Ryerson graduate Aryad Fattahyani gives his advice to first-years. (Photo by Aileen Zangouei)

Fattahyani went to an academic advisor that semester who told him he wouldn’t graduate on time. He had to take 80 credits in that year – eight courses in his next semester and eight courses in his following fall term – to graduate, and he pulled it off with a 4.26 GPA.

“If something doesn’t go your way, it’s okay. If you want to do it, you will do it,” he said. Fattahyani advises first-years that university is worth it. “What university teaches you is more important than your courses. Everything will fall into place.” he said.

According to Ryerson’s Health and Wellness website, the inability to accept uncertainty is a major cause of stress and mental health issues in students. These include the ‘what ifs’ that assault the minds of first-years. Claire Bradbury, a first-year journalism student, said she often gets caught up comparing herself to others in her program. Students in her class say they were involved in their school paper as an editor or a writer.

“Wow, I’m just an 18-year-old moving out on my own for the first time. I’m out of my league,” she said with a chuckle. She said that the ‘what ifs’ are inevitable, like “What if I don’t pass my classes?” or “What if I’m not as good a writer?”

Fattahyani said that in his first year he thought he had to be the best to succeed. “This mindset only made me disappointed and stressed, and I knew it was time to change,” he said. “You don’t always have to (try to) be the best at what you’re doing because it will only disappoint you.”

In 2016, the university’s mental health committee presented policy work that prioritized inclusivity as one of Ryerson’s principles for the well-being of students.

Claire Bradbury wants Ryerson to cover more stories on mental health awareness. (Photo by Aileen Zangouei)

However, Bradbury said that only 80 out of the 130 students in her program were able to get tickets to attend J-frosh. “So many people couldn’t go,” she said. “I was disappointed in that because it was meant to be really inclusive.”

Bradbury said her high school teacher would go on about how “in university you’re on your own and no one cares about you because you’re just another number.”

“It’s expected to know no one will hold your hand,” she said. However, she finds that Ryerson takes initiatives to support students by offering many support services.

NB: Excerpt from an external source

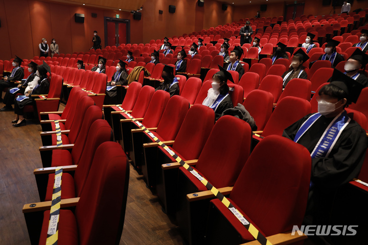 14日、芸術学部および経営経済学部の学位授与式が行われたソウルの中央大学にて、学士帽を投げてお祝いしている卒業生らの様子。

Learning and transition facilitator at Ryerson, Deena Shaffer, hosts Mood Routes every Tuesday from noon to 1:30 p.m. The gathering meets on the main floor of the SLC, and departs on a stroll to encourage students to get away from the computer, get walking, get talking and get to know local nature spots. According to the event page, this all-welcome nature walk “helps to restore concentration, uplift mood, decrease stress, build community, broaden perspective and spark creative thinking.”

Another program at Ryerson that aims to improve mental well-being on campus is called the RU Therapy Dog Program. Around five therapy dogs are available to cuddle and de-stress with students on the third floor of the SLC. It takes place on Wednesday from noon to 1:00 p.m. “I’ve used therapy dogs once and it was so much fun,” Benoit said. “The fact that they’re actually implementing things like this says a lot about Ryerson.”

“If I ever do face mental health issues, I will use the services on campus to help,” said Benoit. “I have no shame.”

In Robert Nosworthy’s opinion as another Ryerson first-year student, many first-years often shy away from voicing their issues with mental health due to the stigma that follows it. “Not everyone is willing to open up because not everyone sees mental health as something to not be ashamed of,” he said. He added that there should be more coverage on stories about mental health to encourage students to seek the help they need.

Everyone’s Ryerson journey is different, and so is everyone’s transition. “Just remember you’re not alone,” said Fattahyani.